XGD Bull Horn Update
I revised the pattern slightly as the top parabola actually fits right in at THE Top
(Notice the four “symmetry failures” as Rambus calls them..annotated by circles…where the reversals just fall short
two at the top line and two at the bottom…which gives validity to this strange pattern .)
This changes the number of completed reversals to unlucky 13 AND as Alpha8 noted in a comment
The pattern broke DOWN today.
The XGD.TO is the PM Miner Large Cap Canadian ETF.
Sometimes when you are running with the Bulls you get
Is the sickle or “bull-horn” an established and well-validated pattern? If not, I would like to suggest some caution in its employment — and especially around the end of the year (and decade!) with all the light volume, the options expiration, the tax and portfolio shufflings.
I don’t mean to pick just on the sickle. These comments could also be applied to the bowls used by Northstar and now Patrick, much as I am inclined to like them, unless I can be shown that they have been well validated.
Jack Schwager wrote extensively about creating and employing trading strategies. These would be ones that could actually be (if one wanted) computerized: if A and B, then do X sorts of things. You set the strategy and follow it by the precise numbers until or unless it consistently seems to stop working.
He noted that an underlying strategic consideration is that some trading strategies work well in some epochs but then give out. Therefore sometimes one has to be flexible and alter strategies. However improvising too much is no good. That’s the point I want to emphasize.
He warns that one of the many things that sinks traders is finding what looks to be a great *new* pattern (whether in numbers or in images) and thinking, “Wow! This just has to work!” and starting to trade on it because it seems so good. But it doesn’t work. It looks and seems great. But it isn’t tried and true.
Is there any solid reason to believe that the sickle would work (other than aesthetically) more than 50% of the time even if it weren’t in the waning days of the decade?
A Bullhorn is an inverted sickle.
Take your pick Karl and do take these terms literally..I made them up.
However when a pattern has this many touches / near touches I think it is valid.
“Valid” can mean many things. It is “valid” as in “cool”, “aesthetically pleasing”, “interesting”, “worth thinking about for the future”.
I use the term “valiDATED” in another sense. If I were to entrust all my money to someone and pay that person thousands of dollars per year to manage it, what criteria would I want that person to use? If I were a conscientious owner of a private company with an old fashioned pension plan, what criteria would I want the managers of the pension to use? I would want them using a systems or system that had some objective basis that had been shown to work, not simply ones that looked cool several times or that this or that person said looked nice.

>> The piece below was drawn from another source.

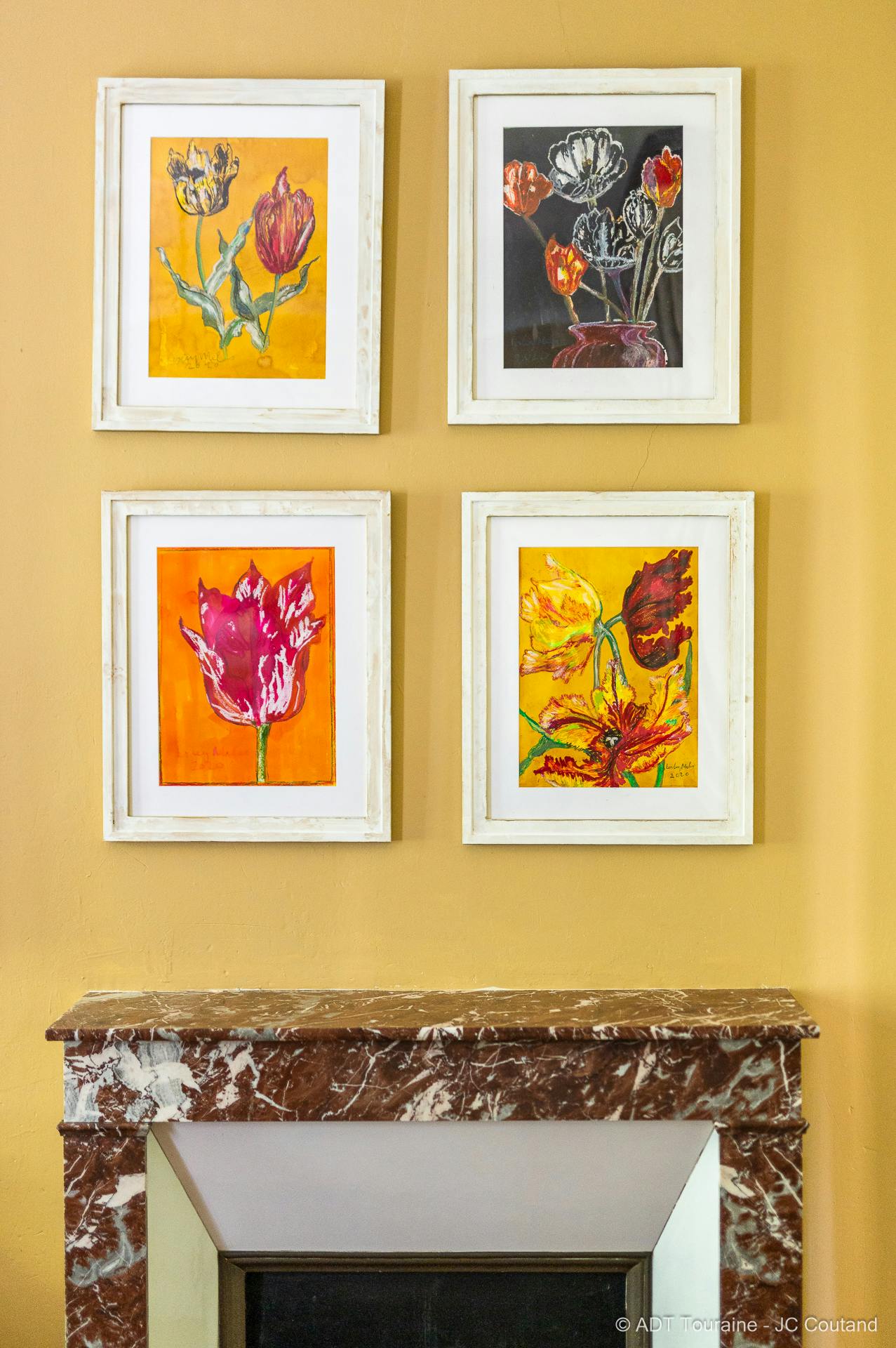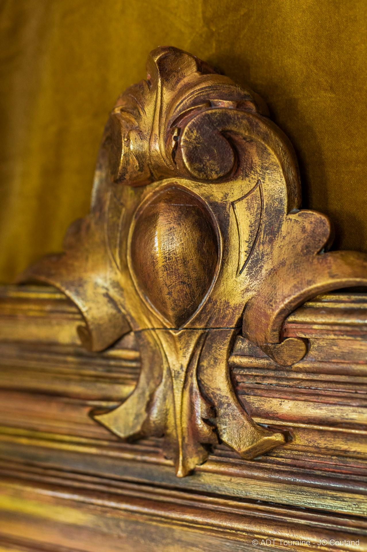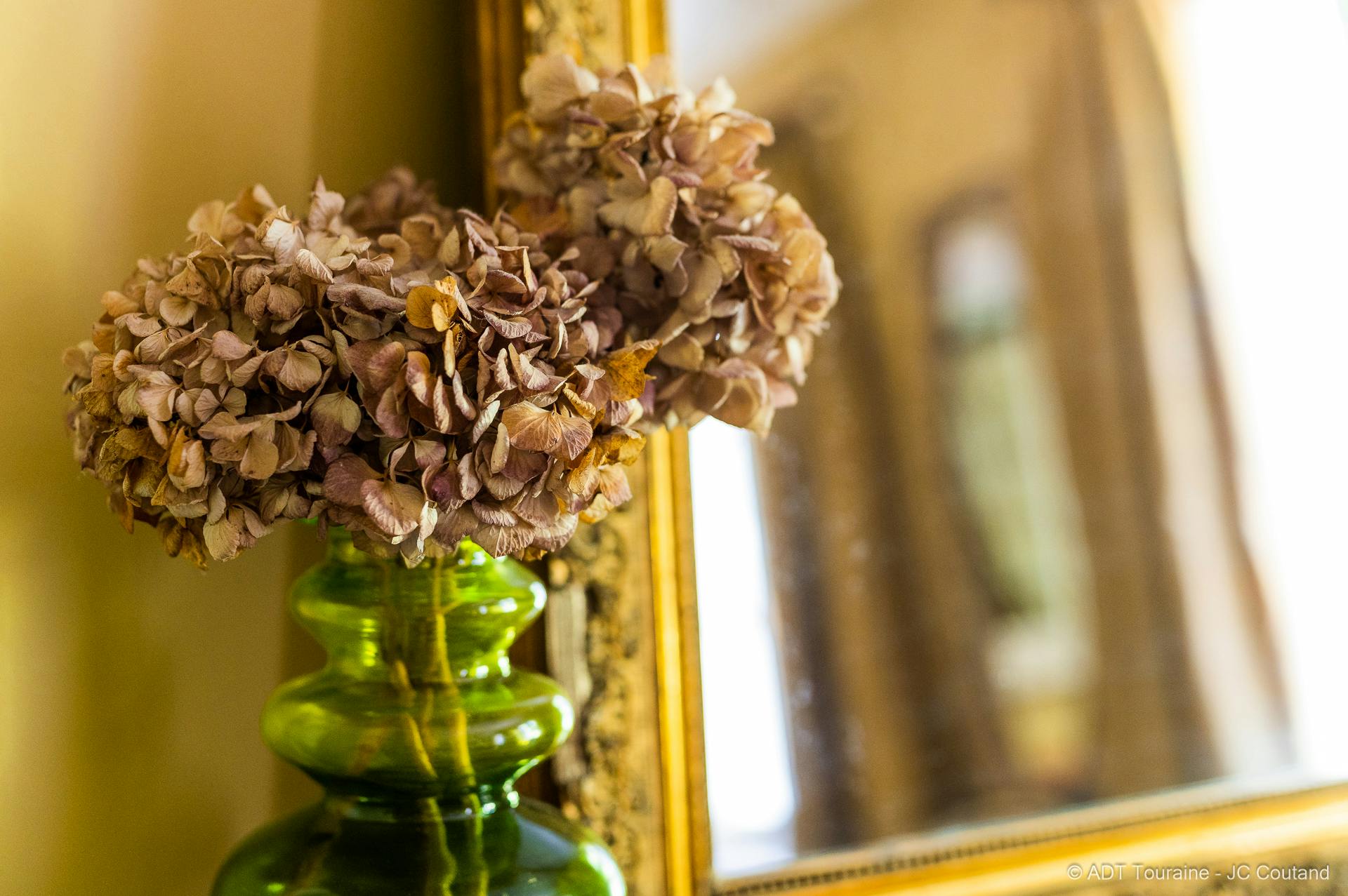 This pretty south facing bedroom is on the first floor of the manor house, looking out onto a canopy of lime trees. The room is airy and light filled. Furnished with a large double bed (160m wide) dressed with an embroidered silk bed canopy and antique oak bed-head.

I would have wanted them to have tested this sign or some other system against, for example, to see whether they found it and whether it worked in some arbitrary data set with which they were not familiar– the Canadian Pacific weeklies 1951-1957, the GB pound versus Italian lira daily 1983, copper minute to minute 3d week of July 1997, etc. If they repeatedly saw the pattern, repeatedly saw that it worked (taking into account slippage in mock trading) according to some rigorous test of statistical significance over and over again, then I would be happy for them to be using it. Otherwise they would be just playing with themselves at my expense or my employees expense. Clouds form pretty patterns. Smoke, river riplets too. Can one reliably trade on them? Perhaps by chance now and then for several times straight, and perhaps one can cite this or that authority, but I would want hard data.
A pattern might be valid as something to look at, to admire, to study for future reference as a possible useful sign, as something to gamble on. There is a different sort of validity, the one I am referring to, which is validity as a sign to rely on for major decisions for large sums that one can’t afford to lose. Perhaps this sign has a proven record. I don’t know. Or perhaps there is a proven record that unique patterns that look nice where many points fit are reliable. Again, I don’t know.
Spock has such a system .It’s his Global Matrix.
3 years running 20% per annum
Extensively backtested.
Scientifically and unemotionally created criterion
This may be the most compelling chart pattern since Schism’s Apr.2017 Martini fractals!
…which unfortunately broke DOWN for a Year-and-a-Half!
Question of the year: Will Fully’s Sickle/Bull Horn pattern usher in the next Year-and-a-Half DECLINE ??